### ASSIGNED TASK
Write out the data below in full, unchanged, minus the images.

### SOURCE RECORDS
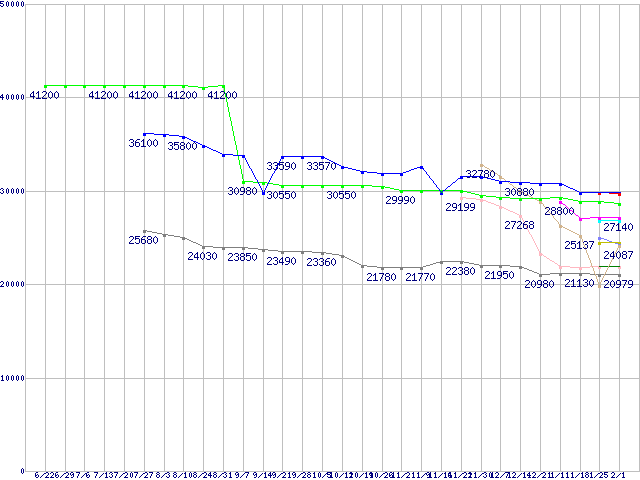 | CPU主要製品(最安値2万円~3万円未満)の最安値推移 | | | (2007年6月22日~2008年2月1日) |
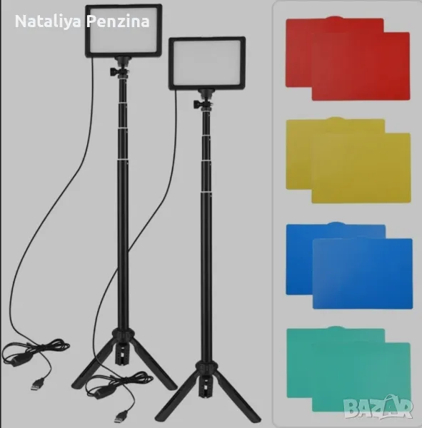 Комплект 2 броя осветителни тела за фотостудио/филтри, LED, регулируема стойка, 3200-5500K, 15W → Обява 48896332
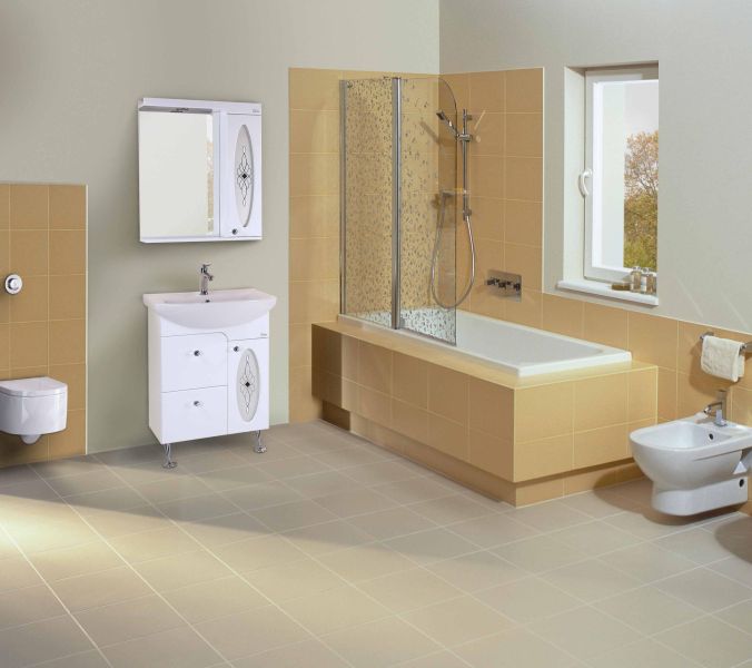Белоснежный цвет фасада в сочетании со вставками из матового стекла и хромированными ручками необычной формы придадут ванной комнате атмосферу уюта и благоустроенности, а большое пространство для хранения поможет удобно разместить все необходимое.
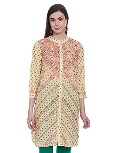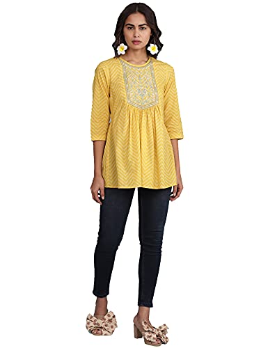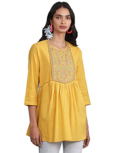 Aarke Ritu Kumar Round Neck Embroidered Yoke 3/4 Sleeve Kurti with Gathers at Waist
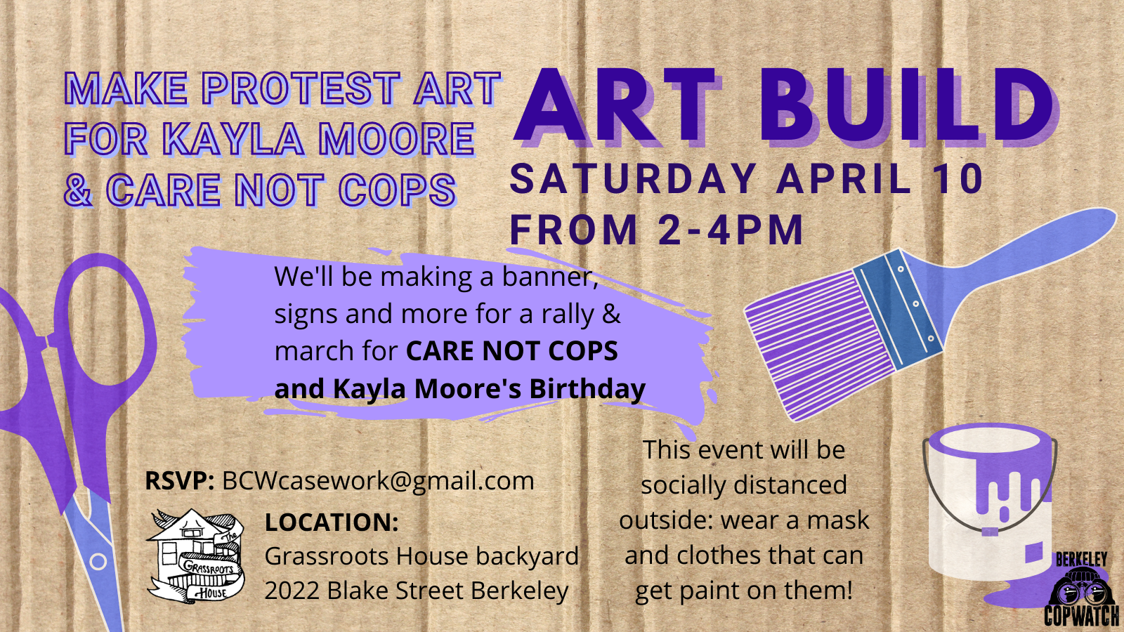 Help us build art for a rally & march in celebration of what would have been Kayla Moore's 50th birthday. We will be lifting up our demand for a mental health response that does not involve police.

### OUTPUT FOR THIS EXERCISE
 | CPU主要製品(最安値2万円~3万円未満)の最安値推移 | | | (2007年6月22日~2008年2月1日) |
 Комплект 2 броя осветителни тела за фотостудио/филтри, LED, регулируема стойка, 3200-5500K, 15W → Обява 48896332
Белоснежный цвет фасада в сочетании со вставками из матового стекла и хромированными ручками необычной формы придадут ванной комнате атмосферу уюта и благоустроенности, а большое пространство для хранения поможет удобно разместить все необходимое.
 Aarke Ritu Kumar Round Neck Embroidered Yoke 3/4 Sleeve Kurti with Gathers at Waist
 Help us build art for a rally & march in celebration of what would have been Kayla Moore's 50th birthday. We will be lifting up our demand for a mental health response that does not involve police.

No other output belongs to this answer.